Income tax expense totaled $30,000 for fiscal year 2025 compared to $21,000 for fiscal year 2024. Our effective tax rate was negative 2.1% for fiscal year 2025, compared to less than negative one percent for fiscal year 2024.

Fluctuations in our effective tax rates are primarily due to permanent differences in U.S. generally accepted accounting principles ("U.S. GAAP") and tax accounting for various tax deductions and benefits, but can also be significantly different from the statutory tax rate when income or loss before taxes is at a level such that permanent differences in U.S. GAAP and tax accounting treatment have a disproportional impact on the projected effective tax rate.

We previously established a valuation allowance against all of our net deferred tax assets. As a result of establishing a full valuation allowance against our net deferred tax assets, if we generate sufficient taxable income in subsequent periods to realize a portion or all of our net deferred tax assets, our effective income tax rate could be unusually low due to the tax benefit attributable to the necessary decrease in our valuation allowance. Further, if we generate losses before taxes in subsequent periods, our effective income tax rate could also be unusually low as any increase in our net deferred tax asset from such a net operating loss for tax purposes would be offset by a corresponding increase to our valuation allowance against our net deferred tax assets.

If we generate sufficient income before taxes in subsequent periods such that U.S. GAAP would permit us to conclude that the removal of any valuation allowance against our net deferred tax asset is appropriate, then during the period in which such determination is made, we will recognize the non-cash benefit of such removal of the valuation allowance in income tax expense on our consolidated statement of operations, which will increase net income and will also increase the net deferred tax asset on our consolidated balance sheet. If we do not generate sufficient income before taxes in subsequent periods such that U.S. GAAP would permit us to conclude that the reduction or removal of any valuation allowance against our net deferred tax asset is appropriate, then no such non-cash benefit would be realized. There can be no assurance regarding any future realization of the benefit by us of all or part of our net deferred tax assets.

As of October 31, 2025, the valuation allowance against our total gross deferred tax assets totaled $5.2 million.

See also "Critical Accounting Policies and Estimates" herein and note 13 to the Consolidated Financial Statements.

*Net Loss*

Net loss for fiscal year 2025 was $1.5 million, or $0.18 per share, compared to $4.2 million, or $0.54 per share, for fiscal year 2024. This improvement was primarily due to the decrease in loss before income taxes of $2.8 million, which includes the $304,000 decrease in gain on insurance proceeds, net.

**Financial Condition**

Total assets decreased $298,000, or less than one percent, to $40.1 million at October 31, 2025, from $40.4 million at October 31, 2024. This decrease was primarily due to a $666,000 decrease in trade accounts receivable, net, partially offset by an increase in inventories of $1.1 million. The decrease in trade accounts receivable, net, resulted primarily from the decrease in net sales in the fourth quarter of fiscal year 2025 when compared to the fourth quarter of fiscal year 2024. Inventories increased largely as the result of the timing of certain raw material purchases and an increase in replenishment rates due to higher sales and the timing of sales of stock inventory.
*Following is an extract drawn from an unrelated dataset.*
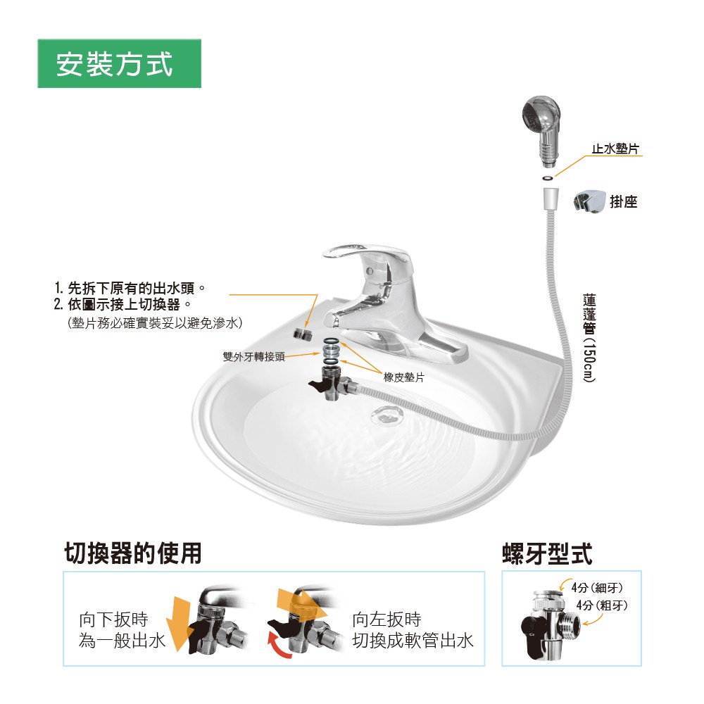 此款【不鏽鋼面盆沐浴雙用組】可安裝於面盆龍頭出水口.切換不同的使用模式;不鏽鋼耐高壓管.表面鍍鉻質感佳。

Total liabilities decreased $1.0 million, or 5.3%, to $18.5 million at October 31, 2025, from $19.5 million at October 31, 2024. The decrease in total liabilities was primarily due to a decrease in note payable, revolver – current totaling $2.7 million resulting from net repayments on our Revolver, partially offset by an increase in accounts payable and accrued expenses, including accrued compensation and payroll taxes, totaling $1.9 million, primarily resulting from the timing of certain vendor and payroll related payments.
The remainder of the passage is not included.